• **EXERCISE**
When you reach the line in the listing below that contains "产品材质 : | 白蜡木+橡木皮+环保板材+金属拉手 |", begin returning lines exactly as written, and stop after the line that contains "红脸林生蘑菇 Agaricus sylvaticus". Return no other lines.

• **DATA FOR PROCESSING**
------

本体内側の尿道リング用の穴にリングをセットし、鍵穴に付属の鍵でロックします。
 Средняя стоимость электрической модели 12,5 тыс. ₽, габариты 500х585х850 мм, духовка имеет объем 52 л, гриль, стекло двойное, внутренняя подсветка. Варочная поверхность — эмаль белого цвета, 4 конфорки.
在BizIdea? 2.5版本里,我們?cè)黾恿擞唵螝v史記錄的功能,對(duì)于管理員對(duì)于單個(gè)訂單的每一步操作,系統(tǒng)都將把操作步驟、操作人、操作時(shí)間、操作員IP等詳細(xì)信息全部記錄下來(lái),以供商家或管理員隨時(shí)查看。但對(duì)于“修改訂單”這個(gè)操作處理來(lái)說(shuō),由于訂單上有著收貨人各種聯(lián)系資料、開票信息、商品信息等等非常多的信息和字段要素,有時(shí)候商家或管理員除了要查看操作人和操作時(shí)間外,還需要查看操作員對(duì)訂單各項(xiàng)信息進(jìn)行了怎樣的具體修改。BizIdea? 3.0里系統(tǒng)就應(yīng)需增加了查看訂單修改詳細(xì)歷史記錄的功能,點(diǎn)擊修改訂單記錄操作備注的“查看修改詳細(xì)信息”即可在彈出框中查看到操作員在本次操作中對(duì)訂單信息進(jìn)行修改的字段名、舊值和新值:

------

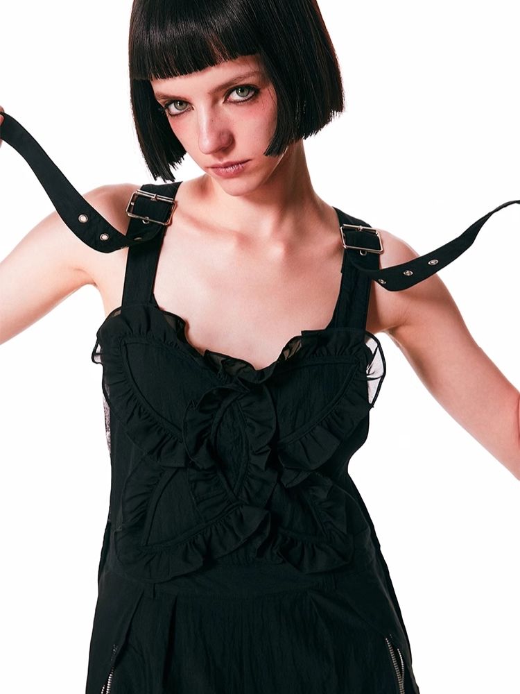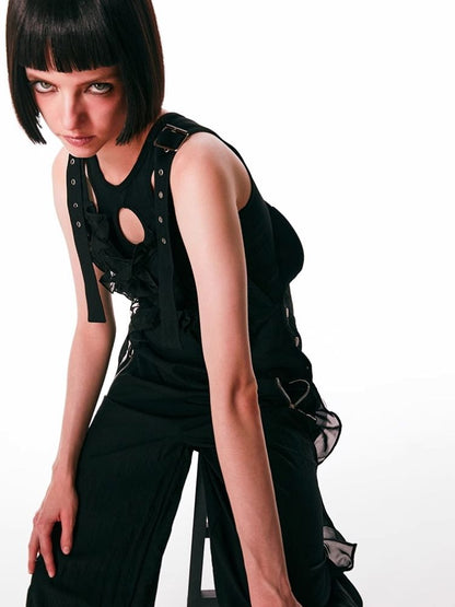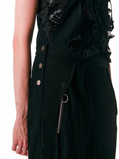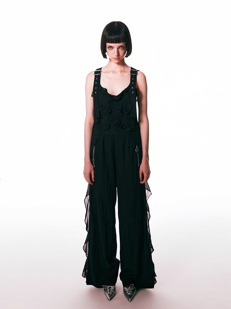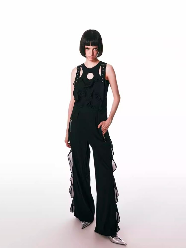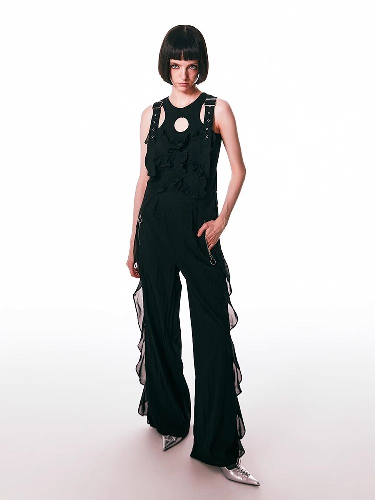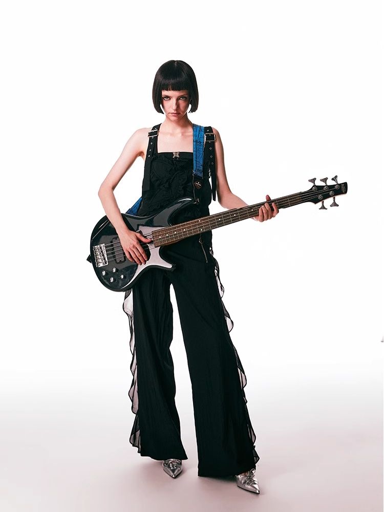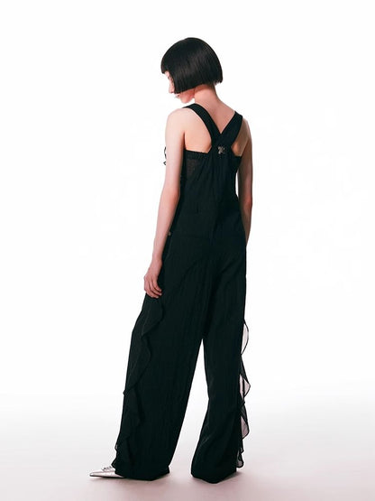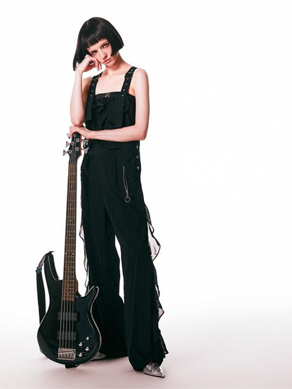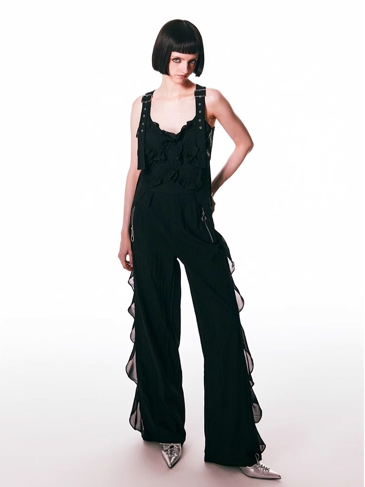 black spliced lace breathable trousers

------

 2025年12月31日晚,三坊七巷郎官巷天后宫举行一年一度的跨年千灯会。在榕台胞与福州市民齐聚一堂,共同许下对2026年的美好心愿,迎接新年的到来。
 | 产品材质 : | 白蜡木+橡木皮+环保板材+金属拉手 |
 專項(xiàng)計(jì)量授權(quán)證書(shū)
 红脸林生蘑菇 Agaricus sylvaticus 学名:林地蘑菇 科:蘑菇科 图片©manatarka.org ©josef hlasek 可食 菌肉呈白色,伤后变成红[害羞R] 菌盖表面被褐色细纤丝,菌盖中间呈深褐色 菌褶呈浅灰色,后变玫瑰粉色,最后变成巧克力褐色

------

• **EXERCISE SOLUTION**
 | 产品材质 : | 白蜡木+橡木皮+环保板材+金属拉手 |
 專項(xiàng)計(jì)量授權(quán)證書(shū)
 红脸林生蘑菇 Agaricus sylvaticus 学名:林地蘑菇 科:蘑菇科 图片©manatarka.org ©josef hlasek 可食 菌肉呈白色,伤后变成红[害羞R] 菌盖表面被褐色细纤丝,菌盖中间呈深褐色 菌褶呈浅灰色,后变玫瑰粉色,最后变成巧克力褐色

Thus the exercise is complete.